*** Extracted information

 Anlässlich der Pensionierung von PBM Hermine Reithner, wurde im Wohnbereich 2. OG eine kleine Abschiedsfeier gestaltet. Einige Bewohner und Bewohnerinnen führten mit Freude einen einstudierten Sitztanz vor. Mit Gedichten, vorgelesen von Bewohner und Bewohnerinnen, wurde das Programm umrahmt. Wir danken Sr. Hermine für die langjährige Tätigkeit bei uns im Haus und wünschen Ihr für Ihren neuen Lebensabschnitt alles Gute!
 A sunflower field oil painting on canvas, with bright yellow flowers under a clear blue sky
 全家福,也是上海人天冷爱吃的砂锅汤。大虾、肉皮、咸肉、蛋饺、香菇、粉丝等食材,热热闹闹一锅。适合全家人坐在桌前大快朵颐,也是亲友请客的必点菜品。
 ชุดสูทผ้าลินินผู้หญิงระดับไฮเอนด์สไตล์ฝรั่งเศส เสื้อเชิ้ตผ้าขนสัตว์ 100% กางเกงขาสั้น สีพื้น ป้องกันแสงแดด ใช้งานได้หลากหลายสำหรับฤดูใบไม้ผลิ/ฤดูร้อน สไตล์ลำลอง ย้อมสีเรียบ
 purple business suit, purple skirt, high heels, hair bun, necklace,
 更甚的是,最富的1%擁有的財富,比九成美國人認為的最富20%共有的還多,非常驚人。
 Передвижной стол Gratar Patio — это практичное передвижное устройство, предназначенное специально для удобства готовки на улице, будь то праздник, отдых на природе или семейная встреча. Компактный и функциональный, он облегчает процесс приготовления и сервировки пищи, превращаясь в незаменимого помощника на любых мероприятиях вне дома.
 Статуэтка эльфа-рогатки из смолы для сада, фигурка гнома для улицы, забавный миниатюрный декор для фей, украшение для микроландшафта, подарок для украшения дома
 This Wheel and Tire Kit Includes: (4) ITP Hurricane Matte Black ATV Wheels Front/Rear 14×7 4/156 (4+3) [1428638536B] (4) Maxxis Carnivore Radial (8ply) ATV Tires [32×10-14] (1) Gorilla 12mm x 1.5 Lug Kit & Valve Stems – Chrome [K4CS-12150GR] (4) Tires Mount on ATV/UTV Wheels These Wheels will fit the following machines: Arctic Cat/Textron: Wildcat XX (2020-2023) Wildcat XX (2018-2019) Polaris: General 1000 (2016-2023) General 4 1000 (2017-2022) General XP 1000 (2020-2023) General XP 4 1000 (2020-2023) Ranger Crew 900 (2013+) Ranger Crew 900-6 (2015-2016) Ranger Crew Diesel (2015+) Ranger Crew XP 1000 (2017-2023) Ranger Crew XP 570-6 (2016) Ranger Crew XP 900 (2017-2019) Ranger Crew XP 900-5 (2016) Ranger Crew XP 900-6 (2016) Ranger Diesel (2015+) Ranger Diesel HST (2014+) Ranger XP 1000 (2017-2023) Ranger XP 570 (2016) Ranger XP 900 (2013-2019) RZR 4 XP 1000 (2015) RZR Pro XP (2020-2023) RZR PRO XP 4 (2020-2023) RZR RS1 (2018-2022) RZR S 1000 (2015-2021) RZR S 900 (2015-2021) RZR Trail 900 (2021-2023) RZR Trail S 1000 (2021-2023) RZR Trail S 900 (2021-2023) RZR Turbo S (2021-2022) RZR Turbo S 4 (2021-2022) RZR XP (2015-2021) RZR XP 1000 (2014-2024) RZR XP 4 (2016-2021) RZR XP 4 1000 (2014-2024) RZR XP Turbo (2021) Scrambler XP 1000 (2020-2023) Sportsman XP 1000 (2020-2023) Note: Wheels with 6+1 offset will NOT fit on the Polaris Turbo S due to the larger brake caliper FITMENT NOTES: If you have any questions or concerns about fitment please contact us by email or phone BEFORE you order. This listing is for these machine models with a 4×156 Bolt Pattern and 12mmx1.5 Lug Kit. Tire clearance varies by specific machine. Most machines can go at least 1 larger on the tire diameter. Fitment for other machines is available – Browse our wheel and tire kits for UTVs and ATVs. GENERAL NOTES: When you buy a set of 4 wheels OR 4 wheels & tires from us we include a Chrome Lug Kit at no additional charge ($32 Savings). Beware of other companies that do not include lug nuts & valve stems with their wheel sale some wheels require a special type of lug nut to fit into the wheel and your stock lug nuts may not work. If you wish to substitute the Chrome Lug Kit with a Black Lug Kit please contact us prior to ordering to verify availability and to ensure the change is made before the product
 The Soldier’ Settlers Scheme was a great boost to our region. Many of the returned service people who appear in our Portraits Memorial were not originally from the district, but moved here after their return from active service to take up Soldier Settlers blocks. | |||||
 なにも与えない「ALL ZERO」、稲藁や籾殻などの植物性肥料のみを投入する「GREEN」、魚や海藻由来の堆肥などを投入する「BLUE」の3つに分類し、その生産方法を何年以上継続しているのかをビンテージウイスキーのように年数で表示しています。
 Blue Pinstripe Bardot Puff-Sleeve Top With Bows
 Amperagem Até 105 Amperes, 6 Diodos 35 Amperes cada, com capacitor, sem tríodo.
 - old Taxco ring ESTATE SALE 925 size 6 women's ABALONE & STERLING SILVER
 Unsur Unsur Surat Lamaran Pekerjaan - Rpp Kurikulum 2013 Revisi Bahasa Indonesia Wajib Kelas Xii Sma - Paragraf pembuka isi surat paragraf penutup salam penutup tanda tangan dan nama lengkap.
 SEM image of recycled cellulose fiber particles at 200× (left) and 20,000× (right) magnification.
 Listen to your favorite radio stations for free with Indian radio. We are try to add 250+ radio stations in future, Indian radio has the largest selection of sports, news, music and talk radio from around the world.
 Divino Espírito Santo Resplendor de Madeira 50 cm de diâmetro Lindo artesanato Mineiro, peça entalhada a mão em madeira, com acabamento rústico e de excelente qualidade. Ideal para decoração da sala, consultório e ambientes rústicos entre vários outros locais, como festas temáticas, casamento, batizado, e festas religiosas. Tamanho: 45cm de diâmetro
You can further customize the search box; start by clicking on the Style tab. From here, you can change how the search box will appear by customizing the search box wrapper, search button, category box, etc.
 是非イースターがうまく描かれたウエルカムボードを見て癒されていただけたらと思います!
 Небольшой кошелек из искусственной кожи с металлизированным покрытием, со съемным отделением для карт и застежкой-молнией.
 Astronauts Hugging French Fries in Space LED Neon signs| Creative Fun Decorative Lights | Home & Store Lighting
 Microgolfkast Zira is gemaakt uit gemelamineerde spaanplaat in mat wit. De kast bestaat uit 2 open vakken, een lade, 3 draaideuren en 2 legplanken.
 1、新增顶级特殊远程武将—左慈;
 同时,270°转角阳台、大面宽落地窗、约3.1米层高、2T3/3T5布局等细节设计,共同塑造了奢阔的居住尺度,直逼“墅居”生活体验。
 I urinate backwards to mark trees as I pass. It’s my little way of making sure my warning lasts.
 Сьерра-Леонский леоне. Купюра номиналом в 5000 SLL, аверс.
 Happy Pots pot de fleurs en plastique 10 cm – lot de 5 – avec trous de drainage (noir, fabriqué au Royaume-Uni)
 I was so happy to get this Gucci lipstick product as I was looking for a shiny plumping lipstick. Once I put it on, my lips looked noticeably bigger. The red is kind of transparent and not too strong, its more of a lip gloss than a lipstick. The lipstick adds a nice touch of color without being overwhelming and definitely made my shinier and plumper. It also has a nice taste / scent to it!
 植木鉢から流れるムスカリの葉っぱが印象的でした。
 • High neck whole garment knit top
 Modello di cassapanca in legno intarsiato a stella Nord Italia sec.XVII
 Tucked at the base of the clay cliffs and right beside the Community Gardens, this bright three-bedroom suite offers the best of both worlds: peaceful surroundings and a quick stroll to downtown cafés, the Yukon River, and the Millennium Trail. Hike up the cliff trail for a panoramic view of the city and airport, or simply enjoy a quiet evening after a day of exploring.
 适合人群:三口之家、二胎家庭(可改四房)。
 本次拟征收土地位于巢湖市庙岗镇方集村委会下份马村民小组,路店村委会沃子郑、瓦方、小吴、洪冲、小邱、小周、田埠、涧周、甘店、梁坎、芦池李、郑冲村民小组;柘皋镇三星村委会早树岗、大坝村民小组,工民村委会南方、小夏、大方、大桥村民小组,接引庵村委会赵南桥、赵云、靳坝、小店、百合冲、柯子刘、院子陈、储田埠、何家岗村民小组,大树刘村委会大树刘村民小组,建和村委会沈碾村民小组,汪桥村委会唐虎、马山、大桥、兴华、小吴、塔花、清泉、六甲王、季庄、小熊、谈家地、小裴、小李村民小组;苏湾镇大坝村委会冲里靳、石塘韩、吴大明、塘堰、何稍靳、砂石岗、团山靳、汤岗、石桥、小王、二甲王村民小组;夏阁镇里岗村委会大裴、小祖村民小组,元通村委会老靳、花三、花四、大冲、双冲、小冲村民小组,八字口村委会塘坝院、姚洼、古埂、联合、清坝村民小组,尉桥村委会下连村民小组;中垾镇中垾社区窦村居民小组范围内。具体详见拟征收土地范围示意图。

******

Each line in the records above with "дома" must be returned.

▶ _Response_
 Передвижной стол Gratar Patio — это практичное передвижное устройство, предназначенное специально для удобства готовки на улице, будь то праздник, отдых на природе или семейная встреча. Компактный и функциональный, он облегчает процесс приготовления и сервировки пищи, превращаясь в незаменимого помощника на любых мероприятиях вне дома.
 Статуэтка эльфа-рогатки из смолы для сада, фигурка гнома для улицы, забавный миниатюрный декор для фей, украшение для микроландшафта, подарок для украшения дома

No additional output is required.